I take my sunrise walk with the sea as my companion and count my blessings. Because that’s what this is. A utopian antidote to the dystopian virtual voices. A vast wild untameable uncontrollable free natural world.

#0newalk

Everywhere feels eerie. Out of sync with normality, people and their relationship with places changes day by day. Today I saw only a lone jogger on the beach after I had been walking for twenty minutes. Yesterday there were a few more but many masked and gowned, sliding sideways down the narrow Victorian streets like grotesque shadows. But just the day before, couples, dog walkers, runners, the young with earphones half jokey half apologetic nods and smiles acknowledging the situation.
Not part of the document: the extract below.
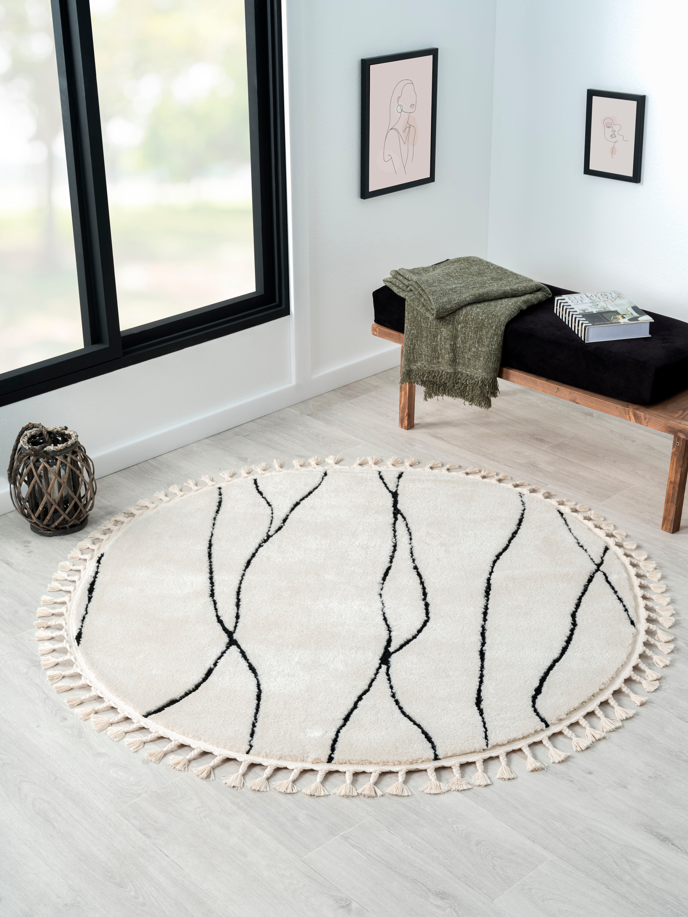 Hochflor-Teppich "Moroccan Pattern", schwarz-weiß (weiß, schwarz), B:200cm H:24mm L:290cm, Polyester, Polypropylen (PP), MYFLAIR MÖBEL & ACCESSOIRES, Teppiche, Fransenteppich, modern, marokkanisches Design, Rauten Muster, weich, mit Fransen

Ordinarily an isolated beach of smooth silken sand would have me turning cartwheels in my mind. But now I realise that emotion was a luxury dependent on there being others who might steal that space from me. Cromer a Victorian bustling seaside town has had it’s heart ripped out. The wind is howling tonight and I can hear the roar of the sea. Nothing in between.

Stealing the air

We are angry. Places and spaces. Dont steal from us now. Coastal deprivation is real. Many of us cling to our livelihoods and work long hours inside our shops whilst you arrive and sigh and breathe the air . This landscape is all many of us have. We are loyal all year round through the storms, the gales, the isolation – not just the ice-cream days.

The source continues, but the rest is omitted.